January 26, 2025. AFC Championship in Kansas City. The Bills produce one of the cleanest offensive performances of their season by one metric and one of their more frustrating by another. Their success rate sits in the mid-fifties for the night — well above league average and the kind of efficiency that usually wins on the road. Their EPA per play is essentially flat.
Buffalo moves the chains all night, stalls inside the twenty twice, settles for two field goals, and loses by three. The two stats, both built off the same play-by-play data, tell two different stories about the same offense.
This kind of split is not a glitch. It is the most useful thing two well-built metrics can do — disagree in a way that points you toward the part of the game the box score will not surface on its own. Success rate is built to reward consistency. EPA is built to reward the points hidden inside efficient possessions. When they agree, you have a clean read on an offense. When they split, the split is the article.
The piece below is the working version of the difference. What each stat actually measures, where they overlap, where they break apart, and the short workflow we use at SportsHighLight before quoting either of them in a write-up.
Quick read: success rate and EPA in 60 seconds
- Success rate measures whether a play “succeeded” against a yardage threshold tied to down and distance. It rewards consistency. Average is roughly 45% league-wide.
- EPA (Expected Points Added) measures how much a single play changed the team’s expected points before and after. It rewards big plays and punishes drive-killing ones disproportionately.
- They agree when an offense is both consistent and explosive (or consistently bad and turnover-prone). Most regular-season reads.
- They split when an offense moves the chains methodically without scoring (high SR, low EPA) or when a few big plays carry a quieter possession profile (low SR, high EPA).
- Which to trust: use both. SR explains how often the offense stays on schedule. EPA explains how much it actually produced.
Success rate, in plain language
Success rate looks at each play and asks one question: did this play gain enough yards to keep the drive on track? The conventional cutoffs, popularized by Football Outsiders and now standard in nflfastR, are roughly 40% of yards needed on first down, 60% on second down, and 100% on third or fourth. A first-and-ten that gains four yards is a “successful” play. A second-and-six that gains three yards is not. Add them all up across a game or season and the percentage is your success rate.
The appeal is that the metric strips out the volatility that makes single plays misleading. A 60-yard touchdown looks great. So does a five-yard run on first down. Success rate gives both plays appropriate weight inside the drive logic, instead of letting the long score paper over a string of stalled possessions.

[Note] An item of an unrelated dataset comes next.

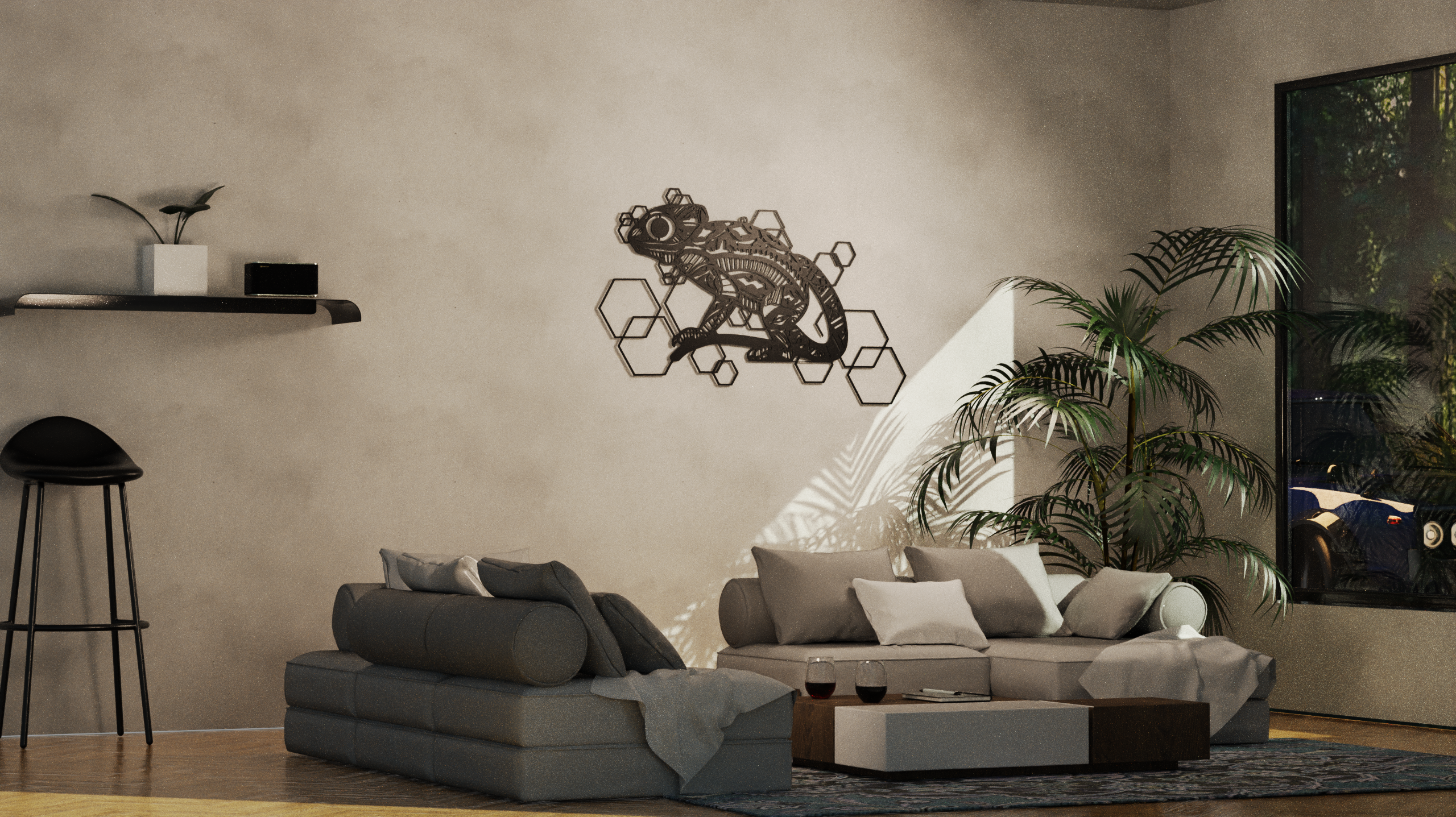 תמונת מתכת מאלומיניום איכותי קל משקל בעיצוב זיקית מרשימה עם אלמנטים גיאומטריים, בעבודת חיתוך לייזר מדויקת עם פרטים חדים ומוקפדים. הקווים הנקיים והעיצוב המודרני משתלבים בקלות בחללים שונים - סלון, חדר שינה או משרד. ניתן להוסיף תאורת LED אחורית ליצירת עומק ואווירה מיוחדת.

Success rate stabilizes after roughly 150-200 offensive plays, which is about three full NFL games for an offense. By the time a team has played four or five games, its success rate is reasonably informative. Pro Football Reference and Sumer Sports both publish team and player success rate splits across down, distance, and personnel groupings.
EPA, in plain language
EPA stands for Expected Points Added. Every situation on a football field has, based on historical data, an “expected points” value — what the average team scores on this possession given down, distance, and field position. A first-and-ten on your own twenty is worth roughly +0.4 expected points. A third-and-eight from your own forty is closer to +0.1. A first-and-goal at the one is around +5.5. Each play either improves the offense’s expected points or decreases them. The difference is the play’s EPA.
The mechanic matters because it captures things success rate cannot. A successful third-and-eight conversion adds far more EPA than a successful first-and-ten plunge. A sack on second-and-ten subtracts more EPA than the same yardage loss on first-and-ten. EPA is, in effect, success rate with leverage applied.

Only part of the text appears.